Ultimo aggiornamento  04 aprile 2020 05:25

Le 50 candeline della McLaren.

Marco Perugini ·

A Montecarlo, nell'ultimo GP di Formula 1 disputato, ha vinto Hamilton ma la festa era per la McLaren, schierata sul tracciato del Principato di Monaco con 50 candeline sul cofano. E’ infatti passato mezzo secolo dal 1966, quando il pilota neozelandese Bruce McLaren portò proprio a Montecarlo la “sua” inedita M2B con un avveniristico telaio in mallite, lastre di alluminio incollate su pannelli di balsa. La leggerezza fu un punto di forza della vettura, non altrettanto si può dire del motore Ford derivato dalle corse americane che non rese al meglio e si ruppe al nono giro, lasciando la vittoria a Jackie Stewart con la BRM davanti alla Ferrari di Lorenzo Bandini.

182 vittorie e 20 titoli mondiali piloti e costruttori

Tante cose sono cambiate da allora, anche nell’auto: basti pensare che nel 1966, anno delle ultime esibizioni in pubblico di Beatles e The Doors, Fiat stipulò un contratto con il governo sovietico per la realizzazione di un’auto in Russia, dall’altra parte del mondo rispetto all'allora fulcro di Detroit. In 50 anni la McLaren ha collezionato in F1 182 vittorie (la prima nel 1968 in Belgio per mano del fondatore), 12 titoli piloti (il primo con Emerson Fittipaldi nel 1974), 8 mondiali costruttori, 485 podi e 155 pole position.

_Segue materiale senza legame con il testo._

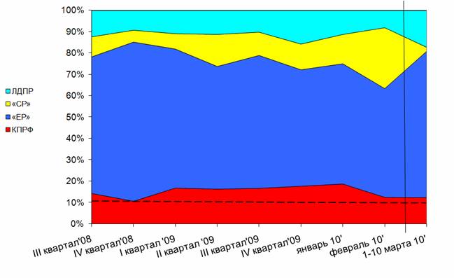 Структура суммарного партийного синхрона, 1 января – 10 марта 2010 г.
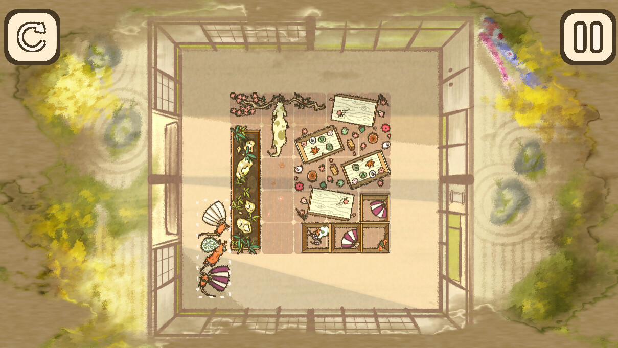 However, Kuru is a bit... of a neat freak, so he can't leave until he cleans up everything along the way! Help reorganize mats and bookshelves in a teahouse, fish and koi in a pond and much much more! Bring Kuru back to his family in this relaxing puzzle game.
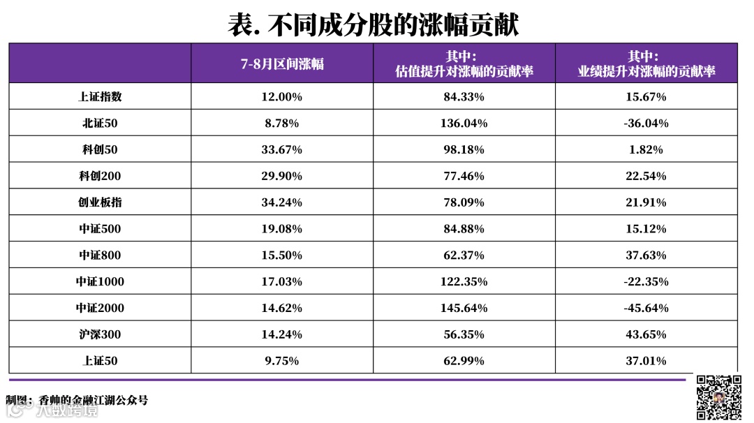 尽管基本面呈现弱修复,但市场行情更多由估值驱动。7月至8月,科创50指数、创业板指涨幅分别达33.67%、34.24%,其中业绩改善贡献极小——科创50成分股业绩对涨幅贡献仅1.82%,估值中枢贡献高达98.18%。
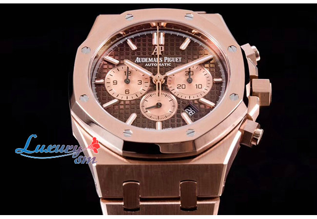 [AP전문OM팩토리][스페셜오더]Audemars Piguet-오데마 피게 로얄 오크 셀프와인딩 크로노그래프 핑크골드 브라운다이얼 시계41mm
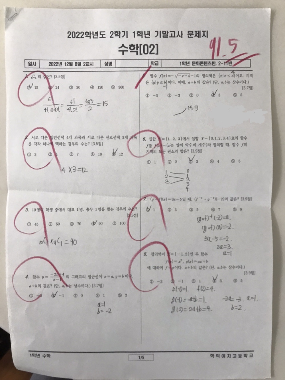 같이 공부하는 기간이 짧았지만, 끝까지 마무리를 잘 하여 이번에 2학기 1학년 수학 기말고사를 91.5점 맞았습니다~

Uomini e imprese da leggenda

La storia di McLaren è fatta di uomini oltre che di numeri, perché al volante si sono seduti piloti divenuti leggenda come James Hunt, Niki Lauda, Alain Prost, Ayrton Senna e Mika Hakkinen. Anche alcuni dei protagonisti di oggi hanno corso e vinto con McLaren, tra cui Fernando Alonso, Luis Hamilton e Kimi Raikkonen. Sotto il segno di McLaren si sono consumati confronti epici come quello tra Hunt e Lauda (allora Ferrari) nel 1976; il “derby” del 1984 tra Lauda e Prost, vinto dall’austriaco con il titolo per mezzo punto di vantaggio (il margine più risicato nella F1), oltre a quello del 1989 tra Senna e Prost, trionfato dal francese dopo i contatti e le squalifiche di Suzuka; il trenino di Alonso e Hamilton con le auto accodate ai box durante le qualifiche del GP di Budapest nel 2007. Nel palmares non mancano le imprese, come quella nel 1983 di John Watson, vittorioso al traguardo dopo essere partito dalla 22sima posizione: nessuno è mai riuscito a fare meglio dalle retrovie.

Il "triplete" di spirito calcistico 

Nel corso della sua gloriosa storia, la scuderia inglese ha anche corso – dominandolo per 5 anni dal 1967 al 1972 - il campionato nordamericano Can-Am, aggiudicandosi tre volte la 500 Miglia di Indianapolis. La vittoria alla 24 Ore di Le Mans è arrivata invece nel 1995. Questi successi, unitamente ai titoli mondiali F1, fanno della McLaren l’unica scuderia al mondo - insieme alla Mercedes - ad aver trionfato nelle tre più autorevoli competizioni automobilistiche.

Non solo sport

McLaren nasce per correre ma tre elementi chiave della sua storia riescono a garantirgli un futuro a prescindere dai successi sportivi: l’estro del fondatore Bruce McLaren, le capacità manageriali di Teddy Mayer che ne raccolse lo scettro nel 1970 dopo la morte a Goodwood e l’approdo nella scuderia di Ron Dennis nel 1980, proveniente da un team di F2. E’ soprattutto Dennis l’artefice dell’attuale assetto della McLaren in una holding le cui attività spaziano dalla produzione di componenti elettroniche (la casa di Woking è fornitore nel mondiale rally WRC oltre che in F1) fino alla costruzioni di supercar in grado di competere anche su strada con Ferrari, Porsche e Lamborghini. Una divisione informatica sta addirittura sperimentando a Heathrow un software per ottimizzare il traffico aereo dello scalo londinese.